Together, Minute Clinics and Minute Clinic Video Visits could be a package solution that, for many people, begins to address that unmet need for continuous, proactive care designed to maximize healthy years of life. If so, CVS could prove disruptive to traditional health care delivery models (which specialize in episodic acute care) by locking them out of a massive and potentially lucrative new market.
Even more intriguing, CVS might eventually be expected to tap new parent company Aetna’s provider networks and underwriting expertise to integrate the full continuum of health care services with Minute Clinic’s consumer-friendly offerings. If so, CVS could accelerate disruption by siphoning off the traditional health care delivery model’s current patients, too—not just those with unmet needs.

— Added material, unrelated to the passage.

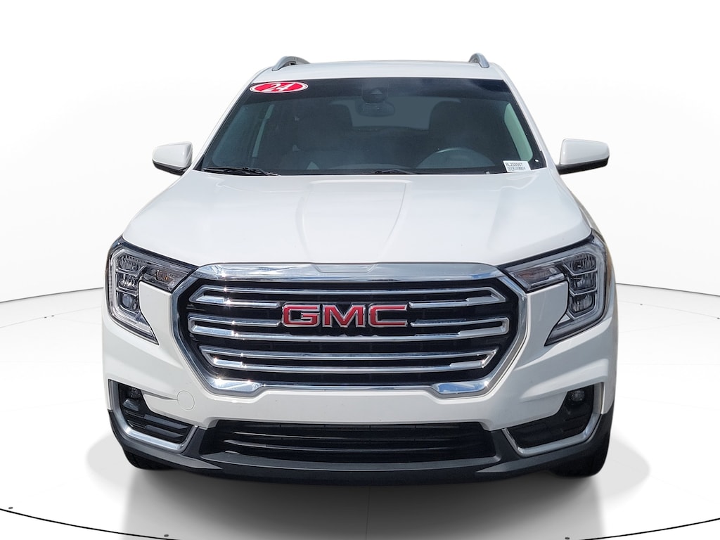 2024 GMC Terrain 1.5L DOHC Summit White AWD. This vehicle also comes equipped with: GMC Pro Safety Plus (Adaptive Cruise Control, Lane Change Alert w/Side Blind Zone Alert, Rear Cross-Traffic Alert, Rear Park Assist, and Safety Alert Seat), Preferred Equipment Group 4SA, AWD, 2 USB Data Ports, 2 USB Data Ports w/SD Card Reader, 3.47 Final Drive Axle Ratio, 4-Wheel Disc Brakes, 6 Speakers, 6-Speaker Audio System Feature, 6-Way Power Front Passenger Seat, 8-Way Power Driver Seat Adjuster, ABS brakes, Air Conditioning, Alloy wheels, AM/FM radio: SiriusXM, Auto High-beam Headlights, Auto-dimming Rear-View mirror, Automatic temperature control, Bluetooth® For Phone, Brake assist, Bumpers: body-color, Compass, Delay-off headlights, Driver & Front Passenger Heated Seats, Driver door bin, Driver vanity mirror, Dual front impact airbags, Dual front side impact airbags, Electronic Stability Control, Emergency communication system: OnStar and GMC connected services capable, Four wheel independent suspension, Front anti-roll bar, Front Bucket Seats, Front Center Armrest, Front dual zone A/C, Front fog lights, Front Passenger 2-Way Power Lumbar, Front reading lights, Fully automatic headlights, Garage door transmitter, Heated door mirrors, Heated front seats, Heated steering wheel, Illuminated entry, Low tire pressure warning, Memory seat, Occupant sensing airbag, Outside temperature display, Overhead airbag, Overhead console, Panic alarm, Passenger door bin, Passenger vanity mirror, Perforated Leather-Appointed Seat Trim, Power door mirrors, Power Driver Lumbar Control, Power driver seat, Power Liftgate, Power passenger seat, Power steering, Power windows, Radio data system, Radio: GMC Infotainment Audio System w/8 Display, Rear anti-roll bar, Rear seat center armrest, Rear window defroster, Rear window wiper, Remote keyless entry, Roof rack: rails only, Security system, SiriusXM, Speed control, Speed-sensing steering, Split folding rear seat, Spoiler, Steering wheel mounted audio controls, Tachometer, Telescoping steering wheel, Tilt steering wheel, Traction control, Trip computer, Turn signal indicator mirrors, Variably intermittent wipers, Wheels: 18 x 7 Silver Painted Aluminum, and Wireless Apple CarPlay/Wireless Android Auto. AWD 9-Speed Automatic Recent Arrival! Priced below KBB Fair Purchase Price! Odometer is 20009 miles below market average! 23/28 City/Highway MPG

That’s a lot of “mights” and “coulds,” because Disruption Theory only tells us what’s possible, while the long-term innovation strategies of CVS and its competitors will determine how the drama actually unfolds. However there are two things we can be certain about. Given the rapid expansion of telemedicine, as well as the brisk pace of innovation in Artificial Intelligence, big data, the Internet of Things and other hot domains, technology will play (in fact, is already playing) a critical role in the transformation health care delivery. But as Christensen’s and Teixeira’s work reminds us, it’s solving consumers’ unmet needs that will ultimately disrupt the industry, not beating competitors in a technological arms race.
Rebecca Fogg is a senior research fellow at the Clayton Christensen Institute, where she studies business model innovation in health care delivery, including new approaches to population health management and person-centered care.